‘Retail locations and warehouse buildings had their best quarter in terms of vacancy/availability declines in several years as a result of a more confident consumer,’ says Jon Southard, managing director of CBRE's Econometric Advisors group. ‘Higher spending on consumer goods led to improved occupancy in both property types. Recovery also remained on track in multifamily and office, although demand did not dramatically outpace new supply during the quarter in either of these sectors.’
During the first quarter, the U.S. office vacancy rate of 15.3% was 70 basis points (bps) below last year's first quarter vacancy rate. In the first three months of this year, suburban markets continued to outpace their downtown brethren. Suburban vacancy fell by 10 bps to 17%, while the downtown rate remained unchanged at 12.4%.
CBRE found that local office market performance was mixed, with falling vacancy in half of the markets tracked (31 of 63). The best performers in the first quarter were smaller markets; Austin and Las Vegas led all markets with vacancy rate declines of 120 bps each.
In the industrial sector, the first quarter availability rate of 12.3% is now 230 bps below its recession peak. CBRE determines that the recovery is broadly based, with 48 markets posting declines, seven showing increases, and five unchanged from a quarter ago. Some of the nation's manufacturing markets – specifically those with heavy exposure to the nation's auto industry – led the industrial recovery during the quarter, with Detroit (-150 bps) and Cincinnati (-110 bps) particular standouts.
In the retail sector, the first quarter availability decline of 30 bps, to 12.5%, was the largest since 2005. Notably strong performers included Richmond, Va.; Charlotte, N.C.; Cleveland; Memphis; and Phoenix – each recorded a decline of 60 bps or more. On the other end of the spectrum, Tampa and Fort Lauderdale, Fla., and Birmingham, Ala., saw availability rate increases of 30 bps or more.

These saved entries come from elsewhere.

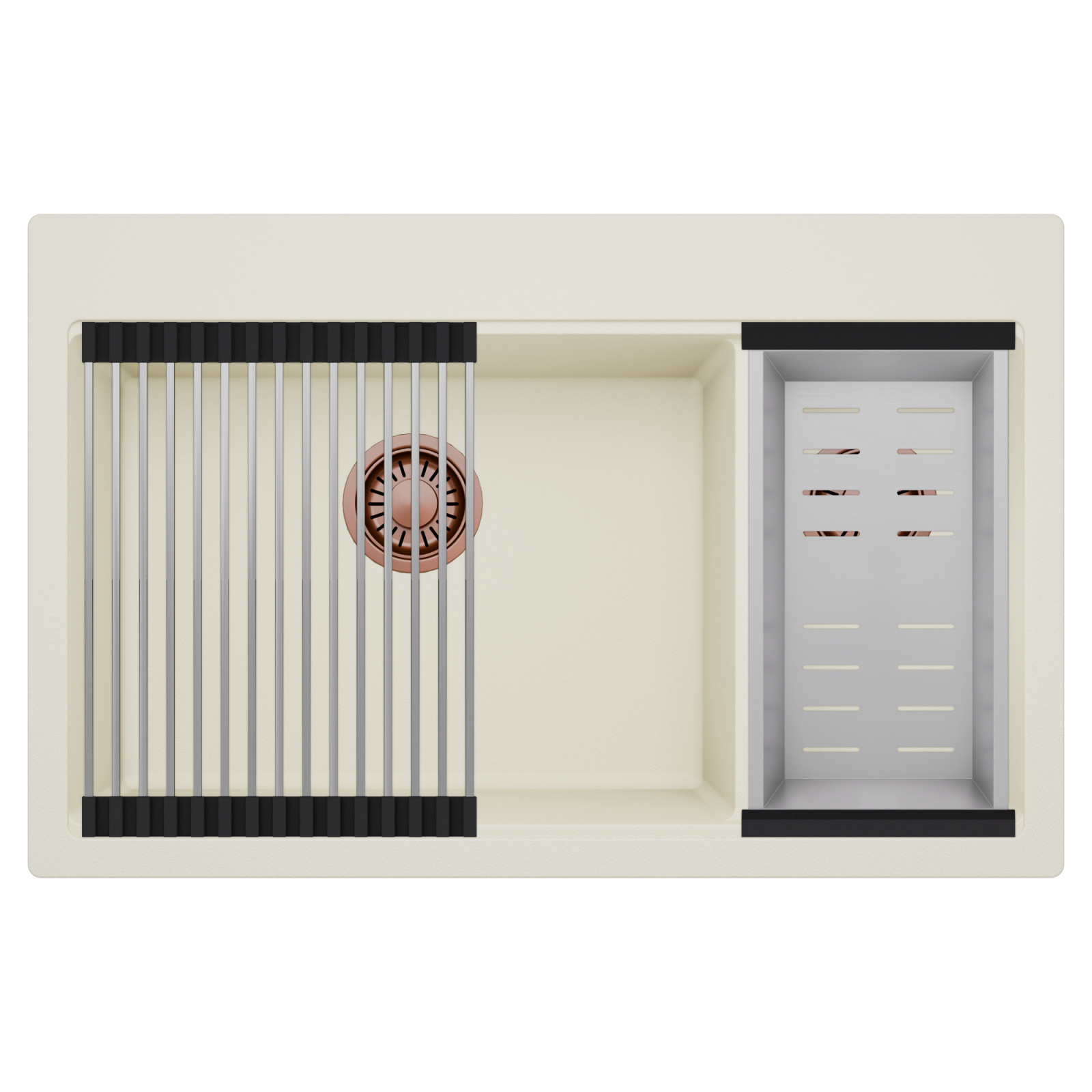 Mosogatónk magas természetes kőőrlemény-tartalmú gránit kompozitból készül, amely rendkívüli stabilitást és tartósságot biztosít. Az anyag ellenáll a magas hőmérsékletnek, a hirtelen hőingadozásoknak, valamint az ütéseknek és karcolásoknak is. Sima, zárt felülete könnyen tisztán tartható, ellenáll a foltosodásnak és az elszíneződéseknek, így hosszú éveken át megőrzi esztétikus megjelenését. Meggyőződésünk, hogy ezzel a gránit mosogatóval a mindennapi konyhai teendők kényelmesebbé és élvezetesebbé válnak.
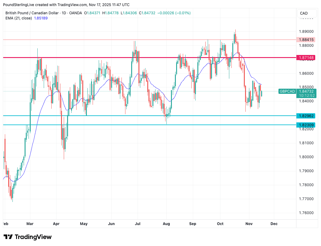 This should offer CAD some support via the rates channel going forward and lessen the odds of GBP/CAD recapturing 2025's highs at 1.8840.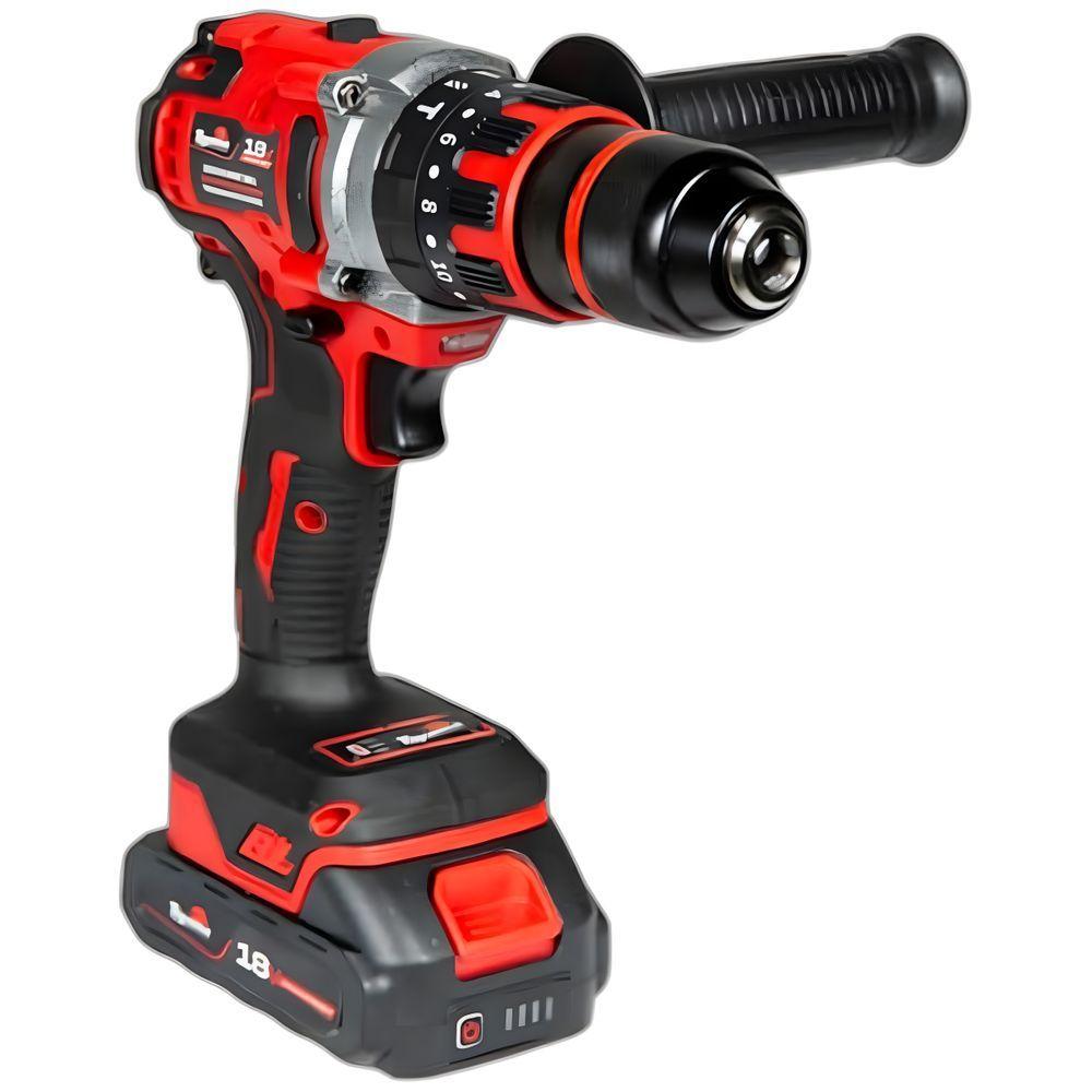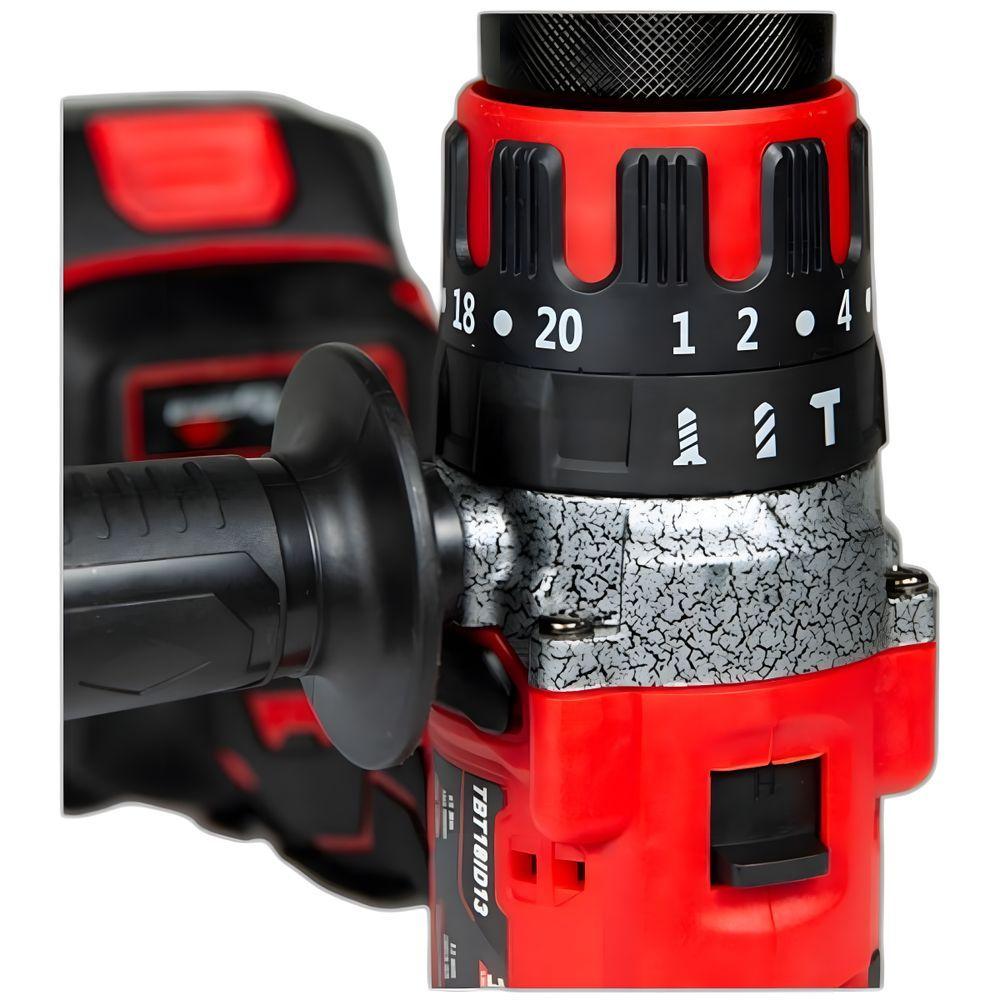 Furadeira Impacto Toyama Tbt18id13 18v Kit Bateria MaletaA Furadeira de impacto a bateria Toyama modelo TBT18ID13-KC é equipada com motor brushless de alta eficiência energética. Conta com mandril de ½” ou 13mm, permitindo o uso de brocas de diversos tamanhos, além de bits para transformar sua furadeira em uma parafusadeira. | | Este modelo oferece 3 modos de operação: Furadeira, Parafusadeira e Furadeira de impacto, praticidade e versatilidade para facilitar suas atividades. | | Para mais praticidade, possui 20 níveis de ajustes de torque, permitindo um uso mais preciso no aperto e remoção de parafusos. É a ferramenta ideal para montagem de móveis, fixação de parafusos, abertura de buracos em paredes, madeiras e outras superfícies. Conta ainda com iluminação de led. | | O modelo TBT18ID13-KC (800-102M), para maior praticidade o equipamento acompanha uma maleta plástica, composta por carregador (bivolt) de 1.5A e bateria de 2.0Ah. Voltagem: 18V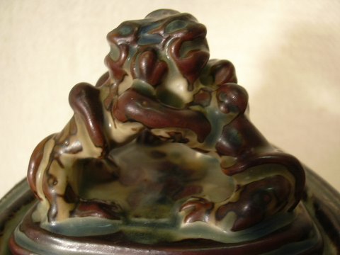 Lid Pot Royal Copenhagen No 20160 Height: 20 cm Bode Willumsen lid pot. performed with relief decorations on the sides and covered with sung glaze. The vase is signed by BW's monogram printed into the bottom. perfect condition.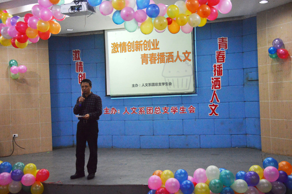 四月是万物复苏的季节。地上长出嫩嫩的新芽,到处都是生机勃勃的景象。4月18日晚,人文系创新创业教育活动之一—“激情创新创业,青春播洒人文”主题活动在学院阶梯大教室举行。人文系党政负责人、辅导员、各班班主任、教师代表和法语专业全体学生及各院系学生代表参加了活动。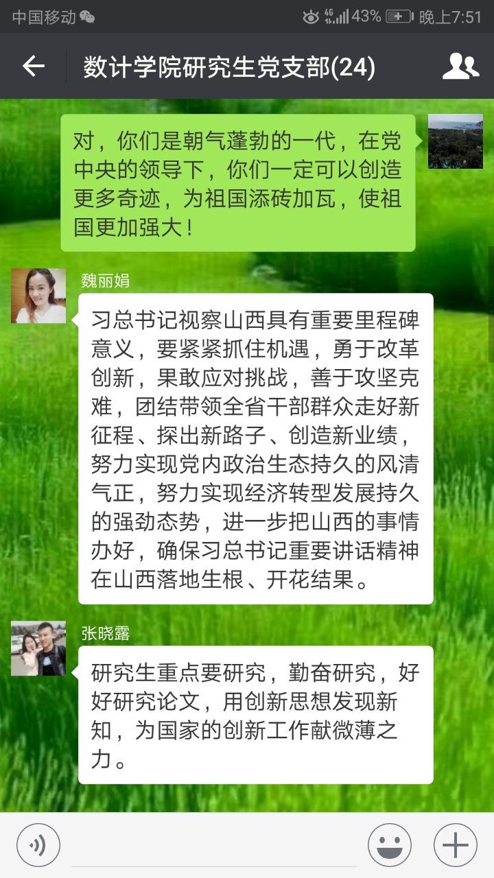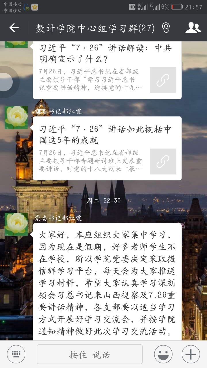 公司党委通过EMC易倍中心组微信学习群和各党支部微信群,每天推送学习专题,党员干部带头对讲话精神进行深入解读,交流学习心得。各党支部书记主持开展本支部的学习交流会,每位党员结合自身的工作和实际,在群里谈心得,讲体会。大家一致表示,要自觉维护以习近平同志为核心的党中央的权威,牢固树立“四个意识”,不断增强“四个自信”,要把讲话精神融入到教学科研、人才培养的各项工作中,落实到行动上。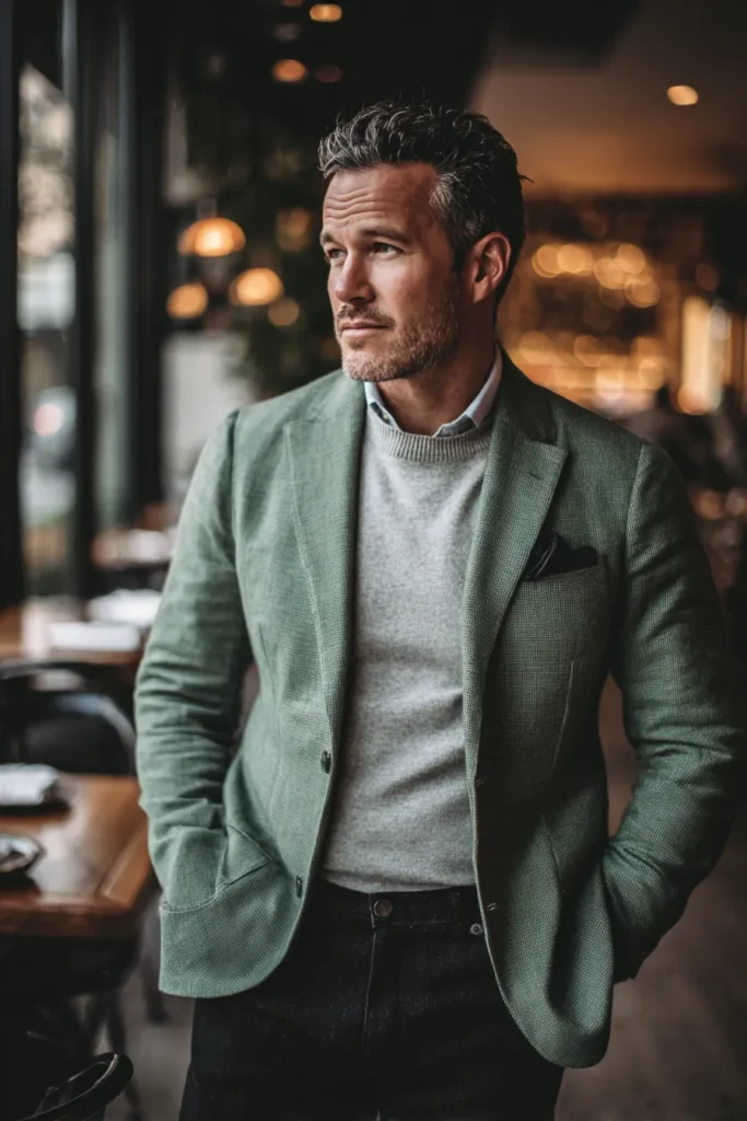 This smart-casual look is perfectly styled for a cozy yet polished feel, making it great for a dinner date or relaxed business lunch. The key piece is a beautiful, light pistachio green blazer with a visible texture or subtle check pattern, which gives it depth and interest. Layered underneath, there is a fine-gauge light grey crewneck sweater, worn over a white or light blue collared shirt with the top button undone. He pairs this soft upper half with dark, almost black trousers, grounding the lighter colors beautifully, and finishes the blazer with a contrasting dark pocket square.

In the multifamily housing sector, the vacancy rate for professionally managed apartment units stood at 5.1% in the first quarter, unchanged from a year ago. This is the first time since 2009 that national vacancy did not decline from a year ago and a third of the markets posted vacancy increases of 50 bps or greater on a year-over-year basis. Despite the slower growth in demand, the market remains tight by historical standards, with the four-quarter trailing average staying at 4.9%, or 40 bps below the long-term (20-year) norm. Compared to a year ago, vacancy rates declined in 23 of the 63 markets monitored.